RBI shifts gear on NBFC liquidity concerns\, says financing condtions in best shape since IL&FS implosion
Kolkata: Non-banking finance companies' access to finances is probably in best shape since the implosion of IL&FS while borrowing cost has also come down, Reserve Bank of India said.
This is significant shift from RBI’s financial stability report released in July which flagged continued liquidity concerns for NBFCs.
“Market financing conditions for NBFCs, which had become challenging, have largely stabilised in the wake of targeted policy measures,” RBI Governor Shaktikanta Das said Thursday.
He said that even as non-food bank credit has slowed to 5.8% year-on-year as on July 8, compared with 12.2% rise in the same period previous fiscal, bank loans to NBFCs grew 25.7% in June. Loans to services rose at 10.7% and housing at 12.5% in the same period.
For AA+ rated three-year NBFC bonds, spreads over similar tenor G-secs have narrowed to 139 basis points on July 31 from 360 basis points on March 26. Commercial papers of NBFCs have softened to 3.80% on July 31 while rates have fallen to 3.40% for non-NBFC borrowers.
Das attributed this trend to the “abundant liquidity” made available to the inter-bank system.
Before Thursday’s policy, RBI had announced liquidity measures aggregating to about Rs 9.57 lakh crore since February which is equivalent to about 4.7% of 2019-20 nominal GDP.

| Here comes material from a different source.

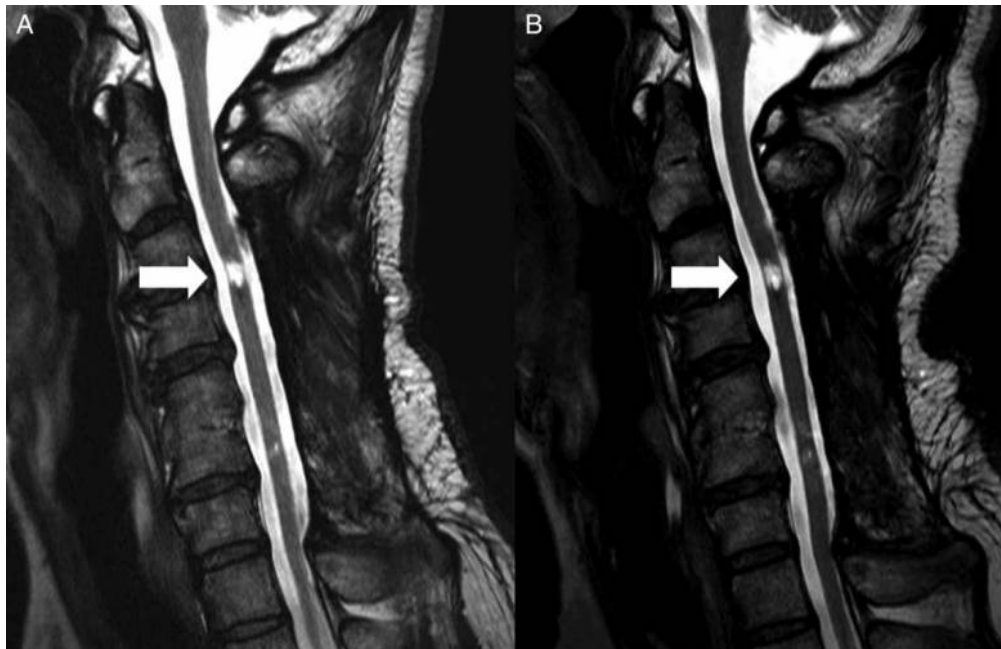
Figure 1 T2 sagittal MR image of patient 14. There was no interval change between baseline (A) and 8 months after transplantation (B).

et al. 9 reported BMDSCs intrathecal injection with 5 \times 10^6 to 10 \times 10^6 cells every month for 6 months. In summary, the dosage for each injection varied from

“Abundant liquidity has supported other segments of financial markets too. In particular, MFs have stabilised since the Franklin Templeton episode. Assets under management of Debt MFs, which fell to Rs 12.20 lakh crore as on April 29, recovered and improved to Rs 13.89 lakh crore as on July 31,” the governor said.
In the financial stability report, the financial regulator however had raised concerns over possible capital erosion of NBFCs given the enhanced systemic risks in the context of Covid-19 which put to the entire financial system to test.
The capital to risk weighted assets ratio (CRAR) of the NBFC sector has fallen to 19.6% at the end of March 2020 from 26.2% as of March 2015.
About 9,601 NBFCs are registered with the RBI of which 66 are allowed to raise deposit from public and 278 are systemically important. The NBFCs are known to have achieved the last mile connectivity in credit delivery, better than banks, even as their combined balance sheet size is about one fifth of that of scheduled commercial banks.